Work to be completed:
No pictures belong in the copy. Set down exactly the lines from the one that contains "последней версией ChatGPT." through the end of the data.

------ Data supplied

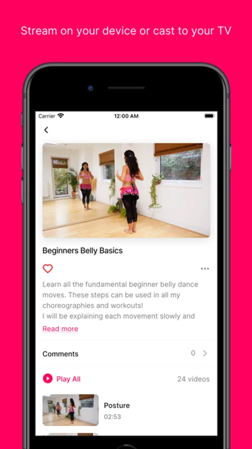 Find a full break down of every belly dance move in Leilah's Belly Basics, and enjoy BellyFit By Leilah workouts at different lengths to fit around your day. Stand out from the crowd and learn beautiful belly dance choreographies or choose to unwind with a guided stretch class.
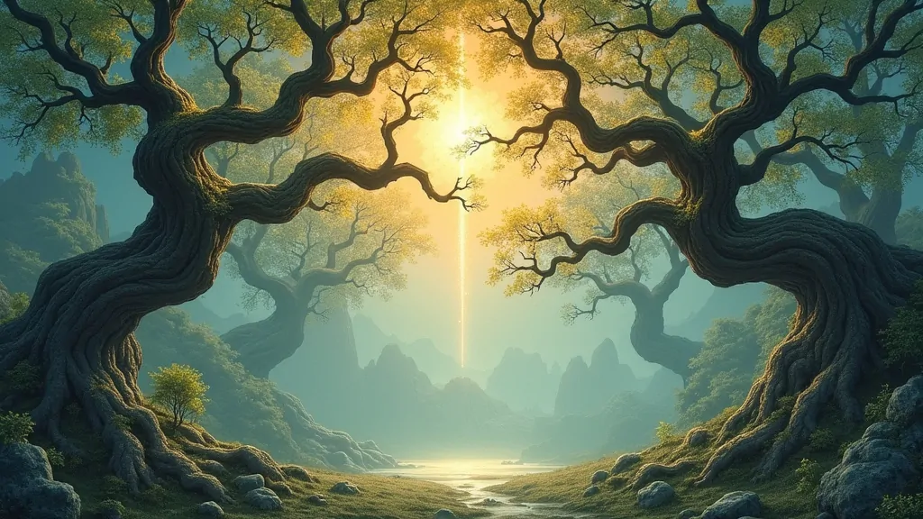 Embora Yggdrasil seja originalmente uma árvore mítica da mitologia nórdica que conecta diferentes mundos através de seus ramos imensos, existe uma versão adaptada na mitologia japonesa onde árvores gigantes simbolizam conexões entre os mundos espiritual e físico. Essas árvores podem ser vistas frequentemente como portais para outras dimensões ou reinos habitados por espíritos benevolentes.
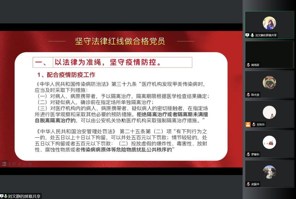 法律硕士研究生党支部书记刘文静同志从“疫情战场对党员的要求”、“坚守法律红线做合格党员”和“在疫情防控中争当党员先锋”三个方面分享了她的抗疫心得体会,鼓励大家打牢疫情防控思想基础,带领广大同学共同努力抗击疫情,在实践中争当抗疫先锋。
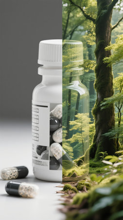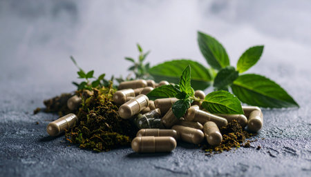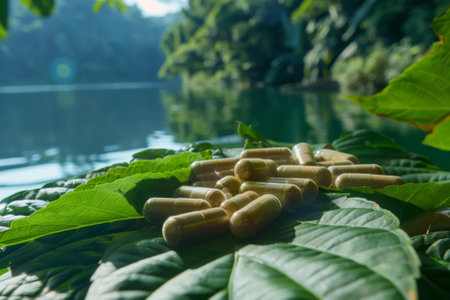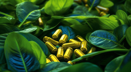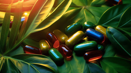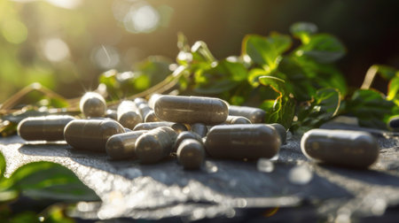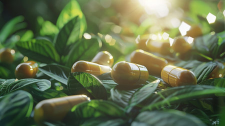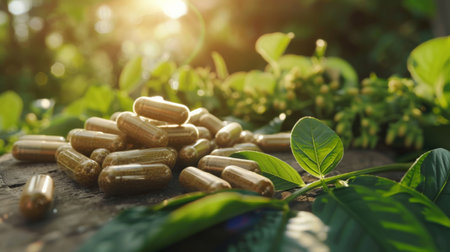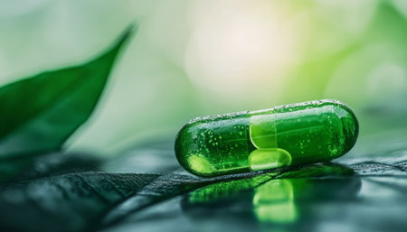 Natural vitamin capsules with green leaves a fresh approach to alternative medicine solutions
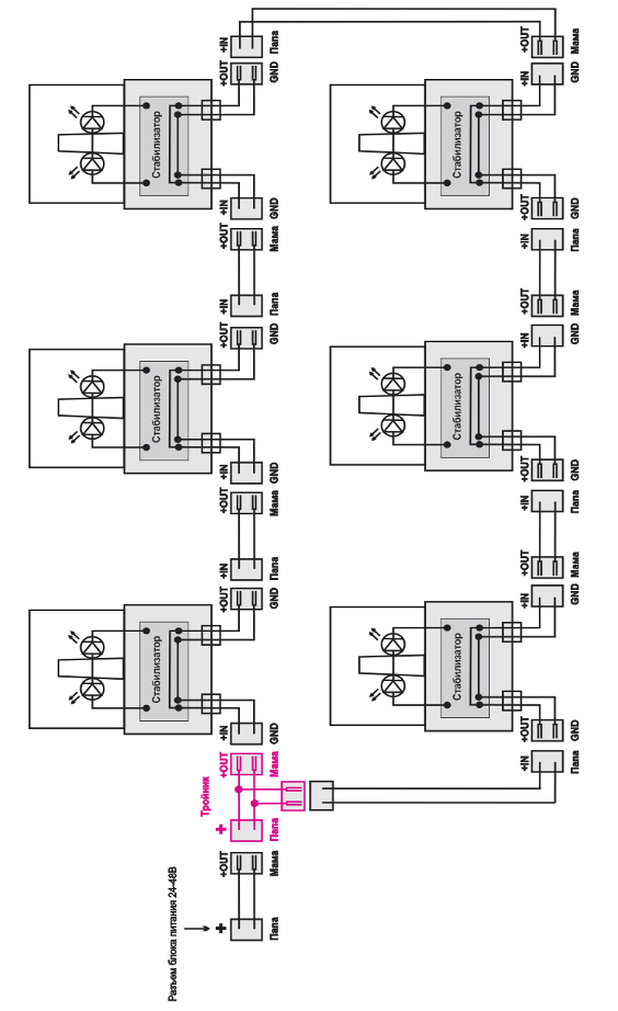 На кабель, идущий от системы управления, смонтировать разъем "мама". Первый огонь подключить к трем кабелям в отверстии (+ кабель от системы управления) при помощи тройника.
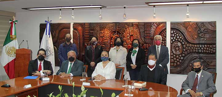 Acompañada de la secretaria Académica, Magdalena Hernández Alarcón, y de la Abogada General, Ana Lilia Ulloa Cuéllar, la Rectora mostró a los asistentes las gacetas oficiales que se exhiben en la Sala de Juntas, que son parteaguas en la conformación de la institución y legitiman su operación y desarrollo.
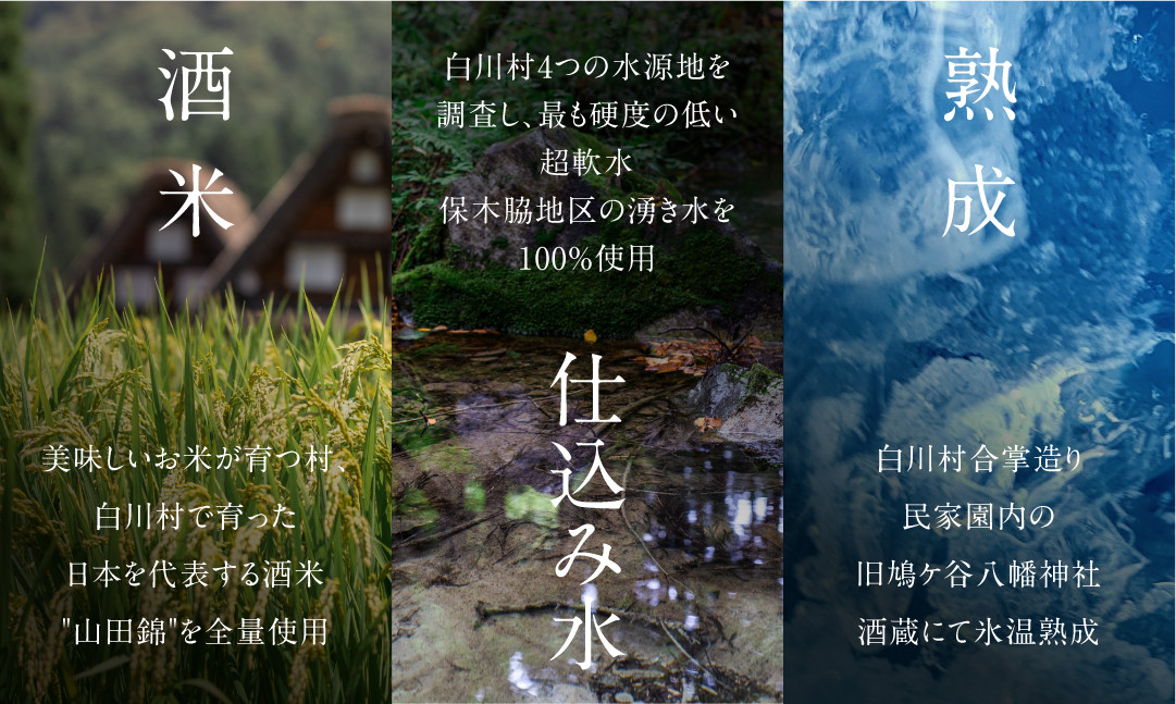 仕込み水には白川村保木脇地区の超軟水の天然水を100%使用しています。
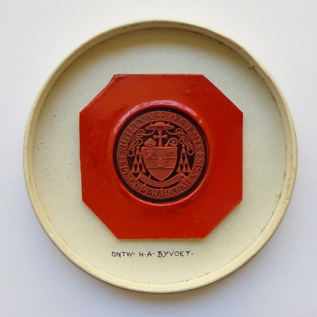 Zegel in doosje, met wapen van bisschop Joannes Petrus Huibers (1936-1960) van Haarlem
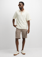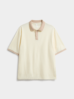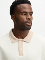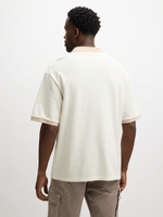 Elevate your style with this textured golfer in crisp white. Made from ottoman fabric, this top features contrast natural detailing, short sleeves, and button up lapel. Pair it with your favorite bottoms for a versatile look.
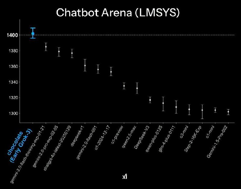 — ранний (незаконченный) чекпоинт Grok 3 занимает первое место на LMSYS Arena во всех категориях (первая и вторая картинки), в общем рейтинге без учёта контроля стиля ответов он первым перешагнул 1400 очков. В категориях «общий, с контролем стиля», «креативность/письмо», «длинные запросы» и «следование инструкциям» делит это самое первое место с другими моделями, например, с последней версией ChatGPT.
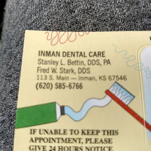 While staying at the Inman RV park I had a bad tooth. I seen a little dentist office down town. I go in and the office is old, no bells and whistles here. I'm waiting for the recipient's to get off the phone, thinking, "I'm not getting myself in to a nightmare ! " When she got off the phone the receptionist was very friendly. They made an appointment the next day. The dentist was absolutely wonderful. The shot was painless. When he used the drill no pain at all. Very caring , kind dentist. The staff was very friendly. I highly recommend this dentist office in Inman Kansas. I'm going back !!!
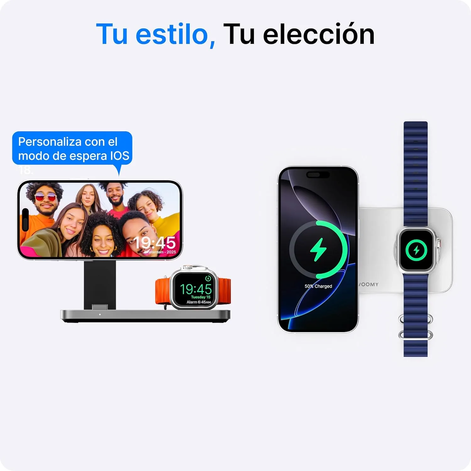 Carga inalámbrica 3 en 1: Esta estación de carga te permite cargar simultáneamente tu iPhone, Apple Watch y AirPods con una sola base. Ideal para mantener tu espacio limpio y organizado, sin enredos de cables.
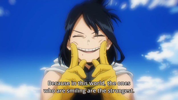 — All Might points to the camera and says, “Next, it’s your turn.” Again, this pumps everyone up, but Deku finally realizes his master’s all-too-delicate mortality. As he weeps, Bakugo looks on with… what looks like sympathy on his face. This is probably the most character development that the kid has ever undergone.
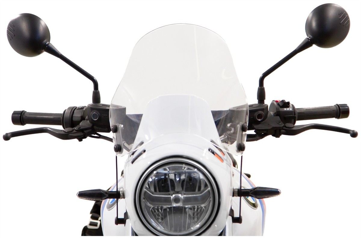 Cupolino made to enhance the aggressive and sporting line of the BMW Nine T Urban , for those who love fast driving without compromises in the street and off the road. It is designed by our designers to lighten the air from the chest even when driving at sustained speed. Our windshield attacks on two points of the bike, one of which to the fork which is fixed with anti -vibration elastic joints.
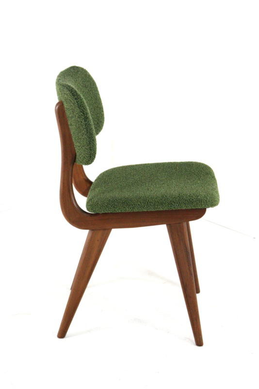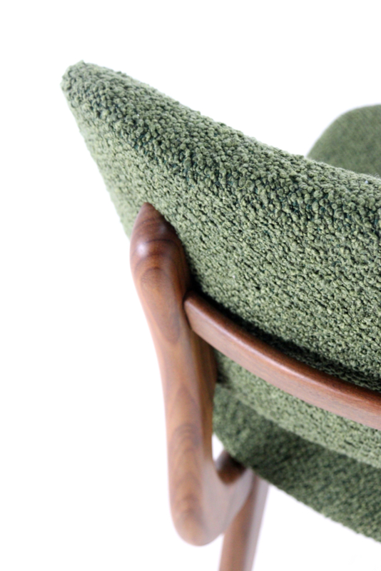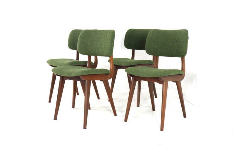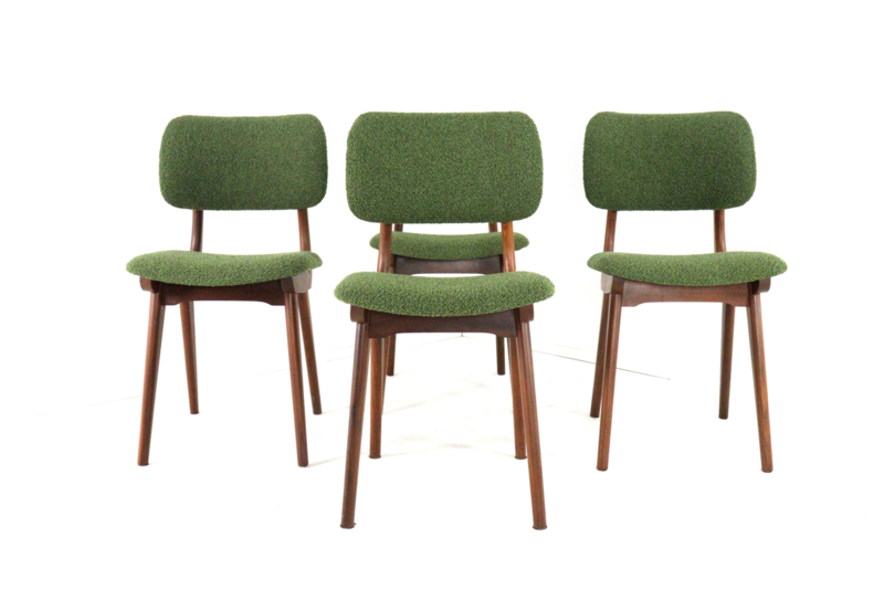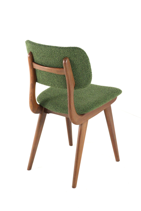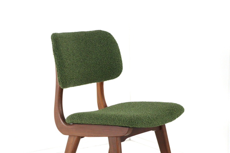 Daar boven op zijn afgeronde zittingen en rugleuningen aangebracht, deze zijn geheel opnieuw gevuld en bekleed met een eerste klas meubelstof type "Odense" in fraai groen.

------------

Exercise output:
 — ранний (незаконченный) чекпоинт Grok 3 занимает первое место на LMSYS Arena во всех категориях (первая и вторая картинки), в общем рейтинге без учёта контроля стиля ответов он первым перешагнул 1400 очков. В категориях «общий, с контролем стиля», «креативность/письмо», «длинные запросы» и «следование инструкциям» делит это самое первое место с другими моделями, например, с последней версией ChatGPT.
 While staying at the Inman RV park I had a bad tooth. I seen a little dentist office down town. I go in and the office is old, no bells and whistles here. I'm waiting for the recipient's to get off the phone, thinking, "I'm not getting myself in to a nightmare ! " When she got off the phone the receptionist was very friendly. They made an appointment the next day. The dentist was absolutely wonderful. The shot was painless. When he used the drill no pain at all. Very caring , kind dentist. The staff was very friendly. I highly recommend this dentist office in Inman Kansas. I'm going back !!!
 Carga inalámbrica 3 en 1: Esta estación de carga te permite cargar simultáneamente tu iPhone, Apple Watch y AirPods con una sola base. Ideal para mantener tu espacio limpio y organizado, sin enredos de cables.
 — All Might points to the camera and says, “Next, it’s your turn.” Again, this pumps everyone up, but Deku finally realizes his master’s all-too-delicate mortality. As he weeps, Bakugo looks on with… what looks like sympathy on his face. This is probably the most character development that the kid has ever undergone.
 Cupolino made to enhance the aggressive and sporting line of the BMW Nine T Urban , for those who love fast driving without compromises in the street and off the road. It is designed by our designers to lighten the air from the chest even when driving at sustained speed. Our windshield attacks on two points of the bike, one of which to the fork which is fixed with anti -vibration elastic joints.
 Daar boven op zijn afgeronde zittingen en rugleuningen aangebracht, deze zijn geheel opnieuw gevuld en bekleed met een eerste klas meubelstof type "Odense" in fraai groen.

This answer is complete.